Ordered that the judgment is affirmed.
In this single eyewitness identification case, the complainant identified the defendant at a lineup and at trial as the person who robbed him at gunpoint. During the People’s direct case, a detective who conducted the lineup gave testimony, during which he repeatedly referred to the defendant as the "subject” in the lineup and the other participants, all residents of a local men’s shelter, as "fillers”. In summation, the prosecutor also characterized the defendant as the "subject” of the lineup. The defendant now argues that such characterization constitutes both Trowbridge error and a violation of his confrontation clause rights, in that the jury was allowed to speculate that the defendant was previously identified.

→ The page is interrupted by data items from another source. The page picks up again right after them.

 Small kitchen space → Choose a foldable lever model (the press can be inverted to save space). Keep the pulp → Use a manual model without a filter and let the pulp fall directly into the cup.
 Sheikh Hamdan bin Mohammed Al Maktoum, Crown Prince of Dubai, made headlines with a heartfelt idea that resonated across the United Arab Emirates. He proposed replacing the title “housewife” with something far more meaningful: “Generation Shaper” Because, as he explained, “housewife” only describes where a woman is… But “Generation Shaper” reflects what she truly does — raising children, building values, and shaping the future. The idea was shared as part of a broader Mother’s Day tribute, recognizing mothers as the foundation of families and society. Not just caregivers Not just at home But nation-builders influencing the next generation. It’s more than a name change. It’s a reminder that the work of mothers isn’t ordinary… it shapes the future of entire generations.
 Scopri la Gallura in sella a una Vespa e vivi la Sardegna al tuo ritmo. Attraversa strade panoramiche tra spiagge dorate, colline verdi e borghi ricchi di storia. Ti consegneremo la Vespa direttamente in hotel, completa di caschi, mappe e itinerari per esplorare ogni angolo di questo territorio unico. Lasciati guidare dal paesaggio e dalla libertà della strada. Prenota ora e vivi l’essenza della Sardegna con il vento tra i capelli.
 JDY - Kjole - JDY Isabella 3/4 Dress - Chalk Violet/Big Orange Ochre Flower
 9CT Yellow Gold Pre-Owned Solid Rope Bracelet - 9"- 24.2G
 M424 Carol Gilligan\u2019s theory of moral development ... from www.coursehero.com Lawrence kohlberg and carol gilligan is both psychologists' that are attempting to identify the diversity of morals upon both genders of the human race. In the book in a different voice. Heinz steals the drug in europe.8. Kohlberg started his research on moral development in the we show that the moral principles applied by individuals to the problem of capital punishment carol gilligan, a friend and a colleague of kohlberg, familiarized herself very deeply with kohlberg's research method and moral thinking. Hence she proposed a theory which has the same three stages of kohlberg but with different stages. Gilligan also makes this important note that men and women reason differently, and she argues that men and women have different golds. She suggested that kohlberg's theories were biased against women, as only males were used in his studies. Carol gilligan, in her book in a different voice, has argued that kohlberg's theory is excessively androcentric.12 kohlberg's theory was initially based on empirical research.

The defendant also argues that the complainant’s testimony that while he did not call the police, they arrived with "information”, and the prosecutor’s remarks that the lineup was a "test” or an "experiment” further alerted the jury to the possibility that either the complainant or someone else had previously identified the defendant as the perpetrator before his arrest.

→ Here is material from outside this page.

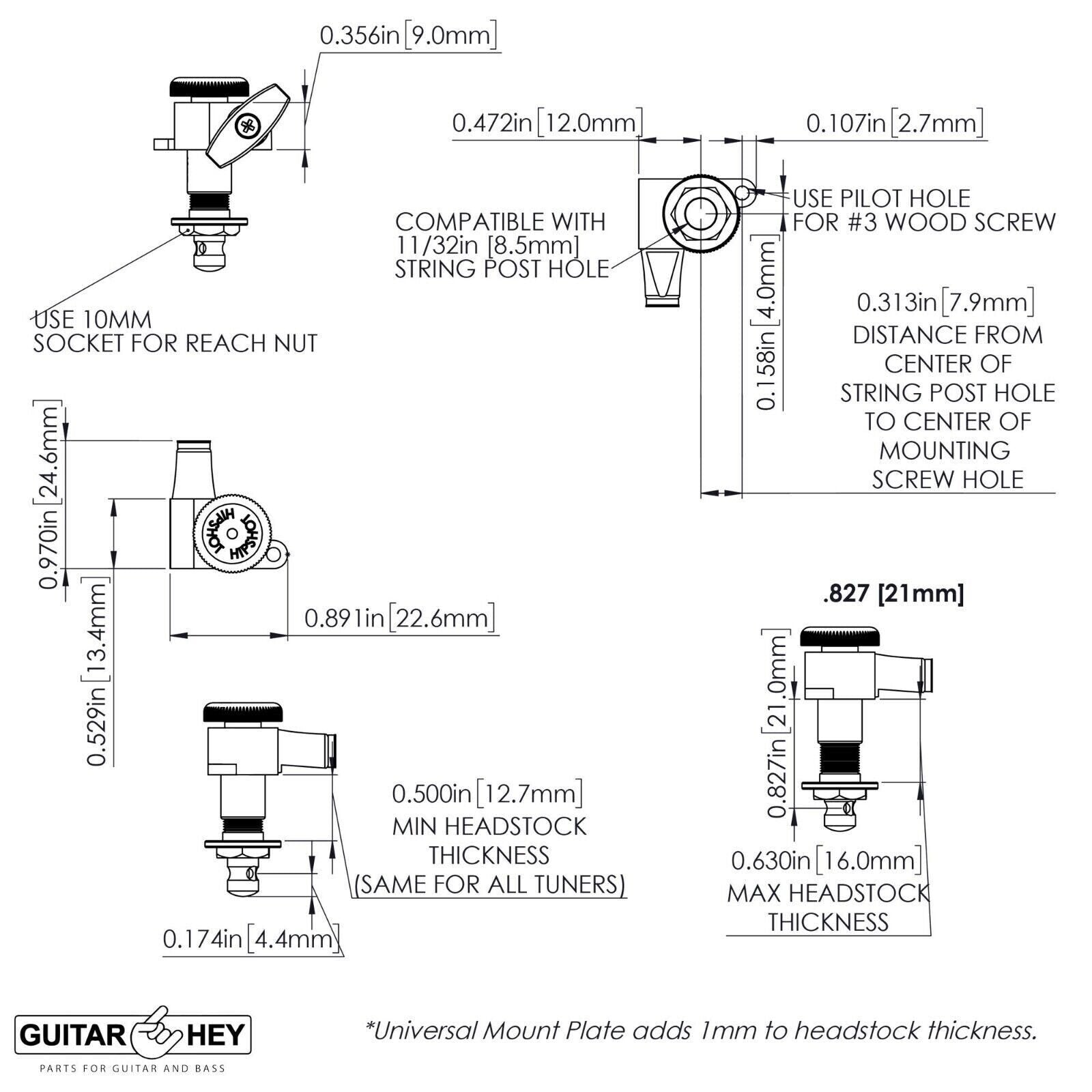 - Included UMP (Universal Mount Plate) for 6 Inline headstocks. No drilling or special tools required
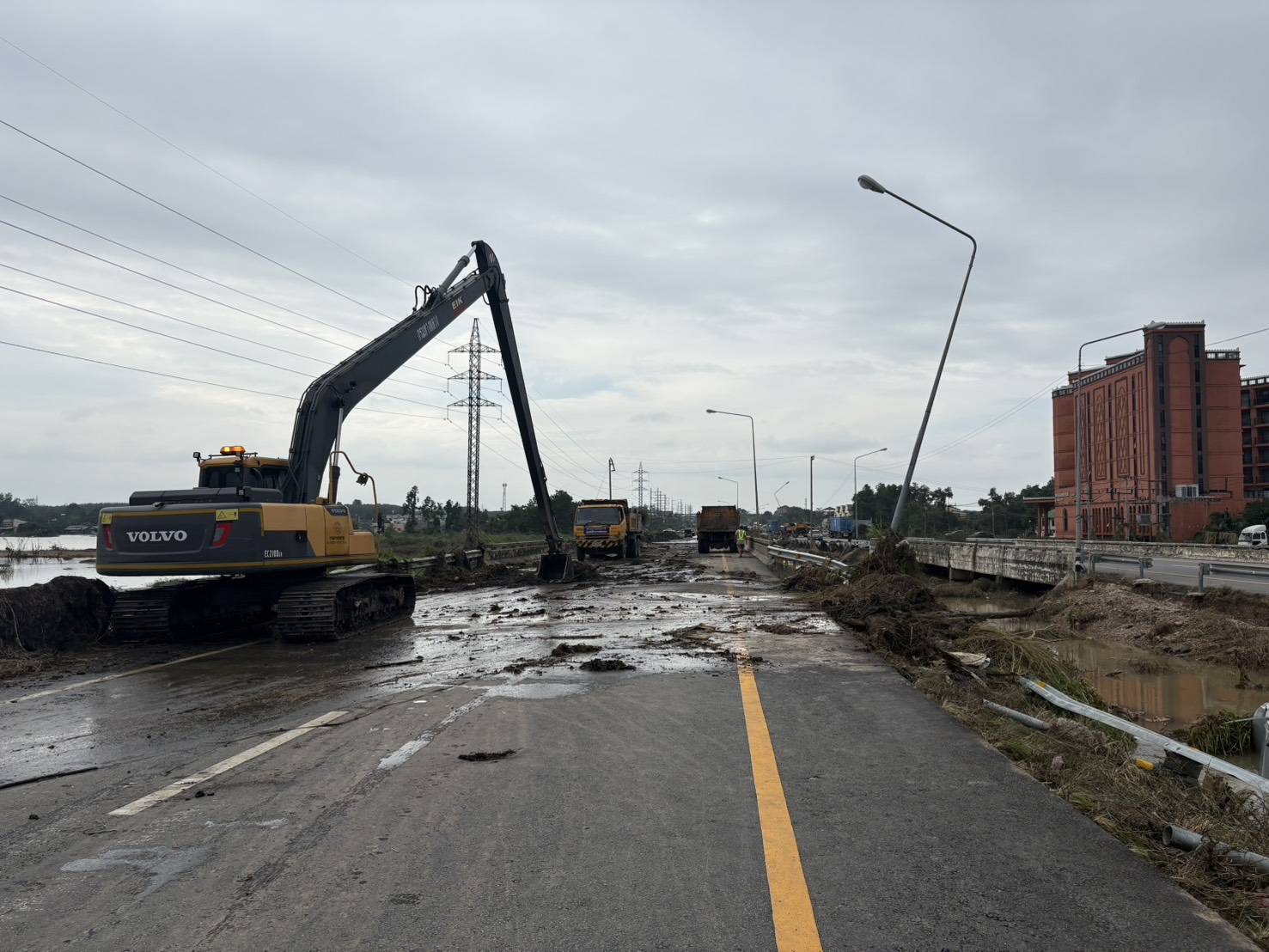 ปัจจุบัน เจ้าหน้าที่กำลังเร่งปฏิบัติงานในพื้นที่ที่น้ำลด เพื่อคืนสภาพผิวจราจรและโครงสร้างทางหลวงที่เสียหายในหลายจุด ได้แก่

The defendant has failed to preserve his arguments for appellate review, as he did not make timely objections during the trial (see, CPL 470.05 [2]; People v Nuccie, 57 NY2d 818, 819; People v Anthony, 179 AD2d 765; People v Sweeney, 161 AD2d 613). In any event, the defendant’s arguments are without merit. The detective’s testimony at trial that during the lineup the defendant was the "suspect” and the other participants at trial were "fillers” did not constitute Trow-bridge error (see, People v Mobley, 56 NY2d 584; People v Reyes, 119 AD2d 596), or inferential bolstering (see, People v Stanley, 185 AD2d 827; People v Ryan, 166 AD2d 619). Where the police officer merely testifies that the defendant was a "suspect”, "[sjuch testimony cannot be equated with police testimony improperly implying that a witness who was not brought to testify did in fact implicate the defendant” (People v Armstead, 134 AD2d 601, 602).
The defendant’s contention that his right to confrontation was violated because it could be inferred from the detective’s and the complainant’s testimony that other eyewitnesses iden*828tified the defendant is equally without merit. No hearsay statements of nontestifying individuals were introduced at trial (see, People v Polidore, 181 AD2d 835).
The defendant’s other contentions do not warrant reversal. Sullivan, J. P., Balletta, Lawrence and Joy, JJ., concur.